In [1]:
import unidecode
import pandas as pd
pd.set_option('display.max_columns', None)
from datetime import datetime
from datetime import timedelta

In [2]:
from matplotlib import pyplot as plt

In [3]:
from configs import (lista_columnas_fijas, 
                     lista_nombres_nuevos, 
                     dict_nombres_nuevos, 
                     lista_columnas_necesarias, 
                     barrios)

## Funciones para crear tabla base

In [4]:
def crear_diccionario_nombres_nuevos(df):
    
    nombres_nuevos = {}
    
    lista_nombres_viejos = list(df.columns)
    for nombre_viejo in lista_nombres_viejos:
        
        # limpiamos columnas del df (lowercase, acentos y emojis)
        nombre_viejo_limpio = unidecode.unidecode(nombre_viejo.lower())
        
        # si tiene combo lo deja igual
        if ('combo' in nombre_viejo_limpio) or ('bolson' in nombre_viejo_limpio):
            for key, value in dict_nombres_nuevos.items():
                if key in nombre_viejo_limpio:
                    nombres_nuevos[nombre_viejo] = value
        else:
            for nombre_nuevo in lista_nombres_nuevos:
                # si encuentra un substring en nombres nuevos que matchee se lo asigna
                if nombre_nuevo in nombre_viejo_limpio and not 'budin' in nombre_viejo_limpio:
                    nombres_nuevos[nombre_viejo] = nombre_nuevo
            
    return nombres_nuevos 

In [5]:
def sabado_posterior(fecha):
    sabado = fecha
    while(sabado.weekday() != 5):
        sabado = sabado + timedelta(days = 1)
    return sabado

cortar_fecha = lambda fecha_hora: fecha_hora.split(' ')[0]

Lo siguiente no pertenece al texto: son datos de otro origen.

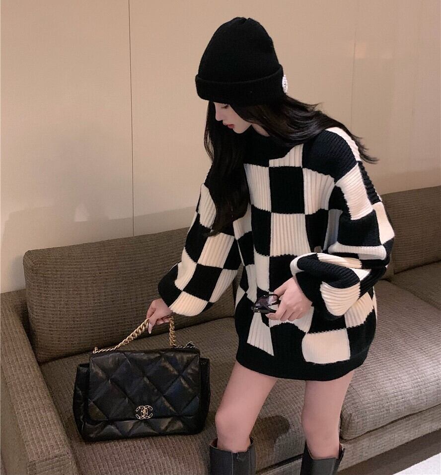 ぽわん袖 オーバーサイズ チェッカーフラッグ柄 インパクト トップス セーター プルオーバー ミディアム丈 チュニック丈 長袖 ドロップショルダー ランタンスリーブ ボリューム袖 襟なし クルーネック ニット シンプル カジュアル 大人っぽい おしゃれ こなれ感 存在感 個性的 市松模様 格子柄 秋 冬 レディース 女性用 ママ 女の子 学生 通学 デート お出かけ 女子会 休日 普段使い 重ね着 韓国風 オルチャン ファッション 体系カバー S M L XL 大きめ ゆったり ゆる サイズ モノトーン
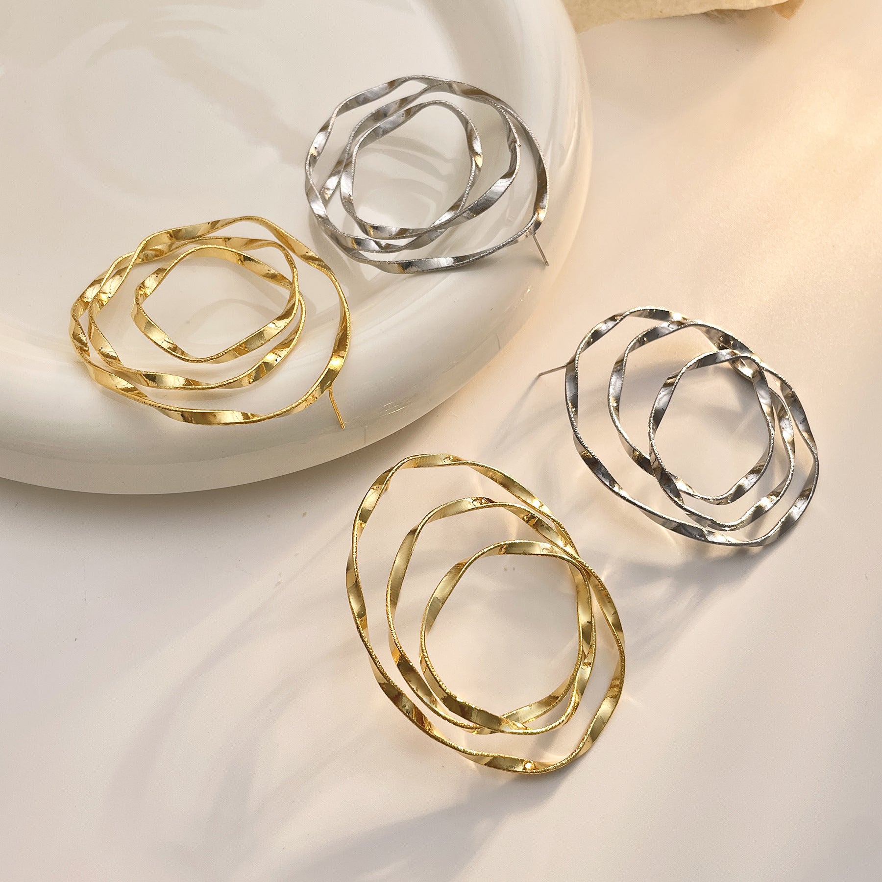 Style Exaggerated Big Circle Three-dimensional Twisted Personality Ear Studs Cold Style High Sense

def agregar_fecha_entrega(df):
    df['marca temporal'] = df['marca temporal'].apply(cortar_fecha)
    df['marca temporal'] = pd.to_datetime(df['marca temporal'],format='%Y/%m/%d')
    df['fechas entrega'] = df['marca temporal'].apply(sabado_posterior)
    return df

In [6]:
def limpiar_barrios(retirar):
    
    for barrio in barrios:
        if barrio in str(retirar):
            return barrio
    
    if retirar == 0:
        return 'Domicilio'
    
    return retirar

In [7]:
def crear_tabla_base(df):
    # rellena nans con 0
    df_filtrado = df.copy().fillna(0)
    
    # cambia los nombres de las columnas
    df_filtrado.rename(columns=crear_diccionario_nombres_nuevos(df), inplace=True)

    # filtra columnas con las que trabajar
    df_filtrado = df_filtrado[lista_columnas_necesarias]
    
    # agrega fecha de entrega segun fecha de pedido
    df_filtrado = agregar_fecha_entrega(df_filtrado)
    
    # limpia columna retirar
    df_filtrado['retirar'] = df_filtrado['retirar'].apply(limpiar_barrios)
    return df_filtrado 

In [8]:
df_original = pd.read_csv('2022_anonimize.csv')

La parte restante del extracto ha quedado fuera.